In the material below, find the line with "淡い色合いのギンガムチェック柄 凹凸目立たない平ゴム仕立て ミニGストリングパンティ" and the line with "Таким чином, виходить, що". Output exactly those two lines and all lines between them, leaving out pictures.
··· Dataset ···
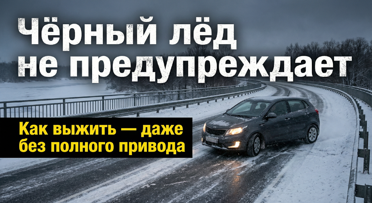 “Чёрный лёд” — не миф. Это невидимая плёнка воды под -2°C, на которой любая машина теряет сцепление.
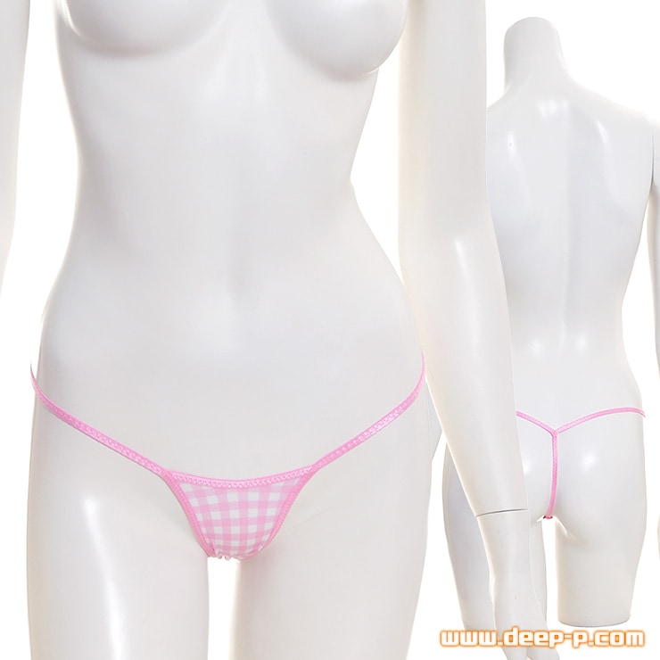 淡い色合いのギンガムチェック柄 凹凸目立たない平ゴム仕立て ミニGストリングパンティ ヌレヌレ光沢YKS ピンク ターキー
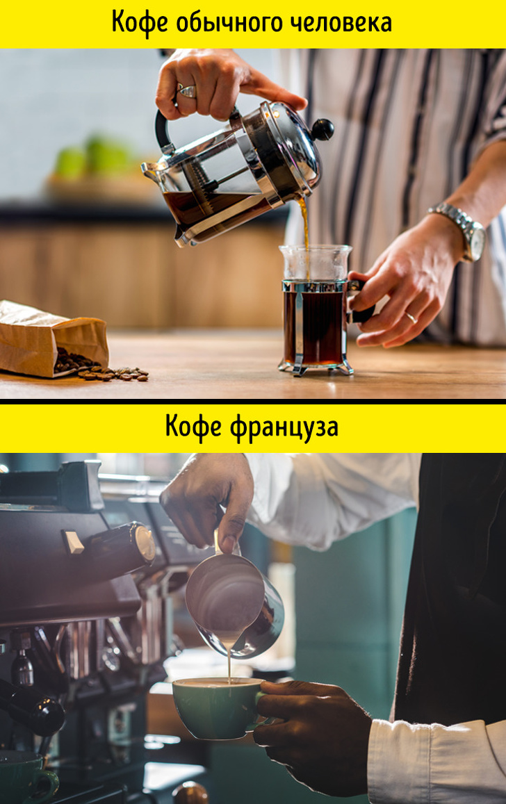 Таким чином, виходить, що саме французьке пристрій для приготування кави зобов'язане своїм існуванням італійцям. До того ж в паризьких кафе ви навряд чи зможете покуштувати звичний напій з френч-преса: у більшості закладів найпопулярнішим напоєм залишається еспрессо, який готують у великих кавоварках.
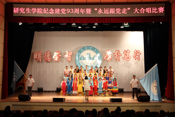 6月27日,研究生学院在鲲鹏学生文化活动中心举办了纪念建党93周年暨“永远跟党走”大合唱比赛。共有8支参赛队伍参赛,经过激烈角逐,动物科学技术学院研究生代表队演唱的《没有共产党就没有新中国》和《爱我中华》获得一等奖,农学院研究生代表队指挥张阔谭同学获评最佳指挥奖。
···
··· Dataset ···
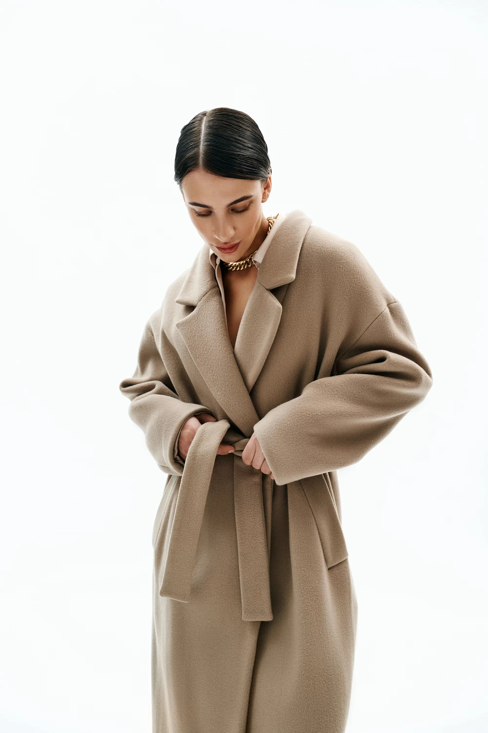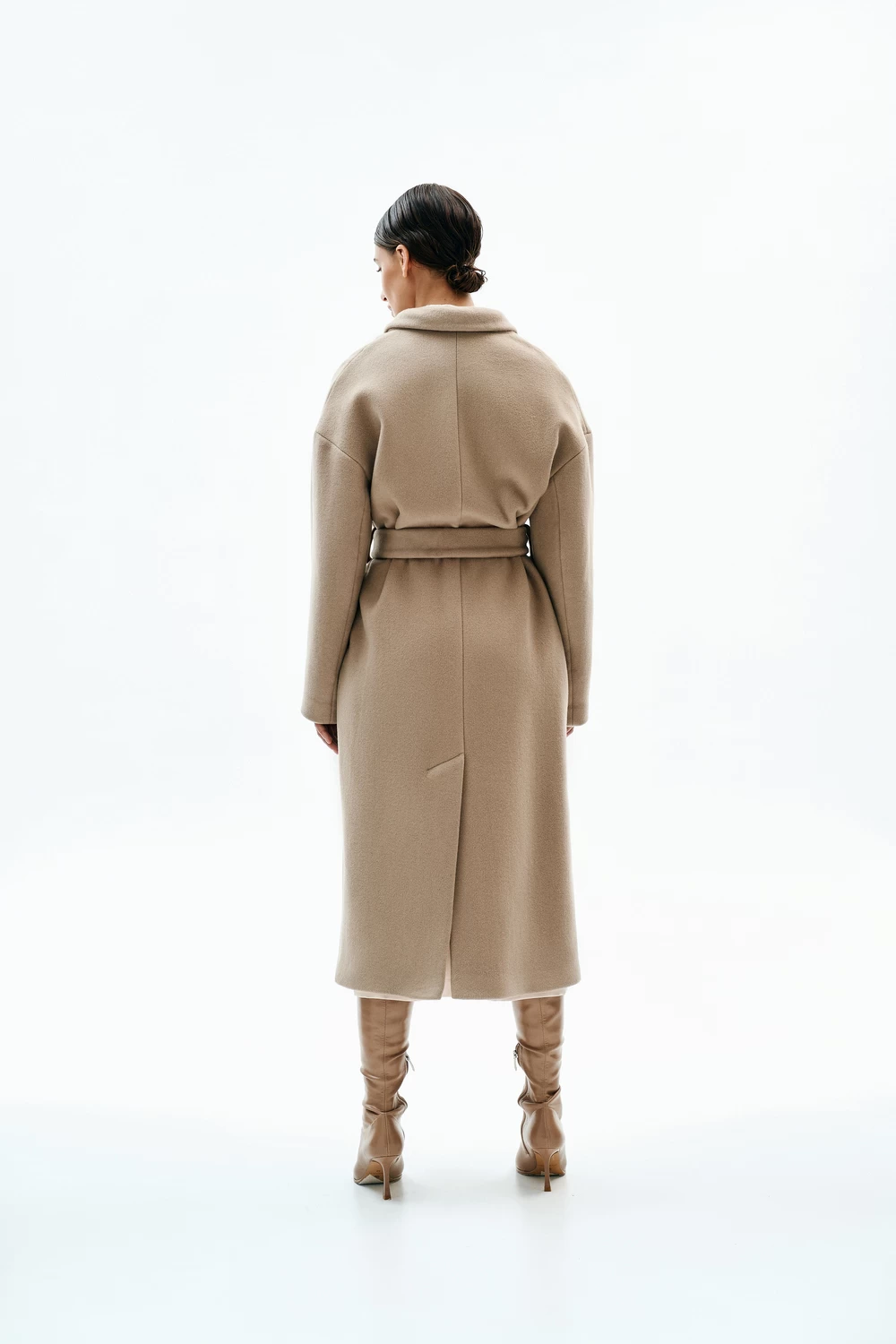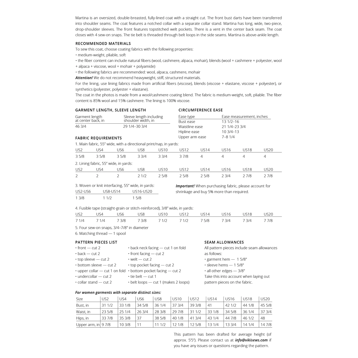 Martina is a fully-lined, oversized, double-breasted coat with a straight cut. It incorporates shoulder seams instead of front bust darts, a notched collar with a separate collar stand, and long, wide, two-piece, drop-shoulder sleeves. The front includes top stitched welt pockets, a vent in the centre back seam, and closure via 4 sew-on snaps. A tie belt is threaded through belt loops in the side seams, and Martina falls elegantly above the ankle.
···
### Expected answer
 淡い色合いのギンガムチェック柄 凹凸目立たない平ゴム仕立て ミニGストリングパンティ ヌレヌレ光沢YKS ピンク ターキー
 Таким чином, виходить, що саме французьке пристрій для приготування кави зобов'язане своїм існуванням італійцям. До того ж в паризьких кафе ви навряд чи зможете покуштувати звичний напій з френч-преса: у більшості закладів найпопулярнішим напоєм залишається еспрессо, який готують у великих кавоварках.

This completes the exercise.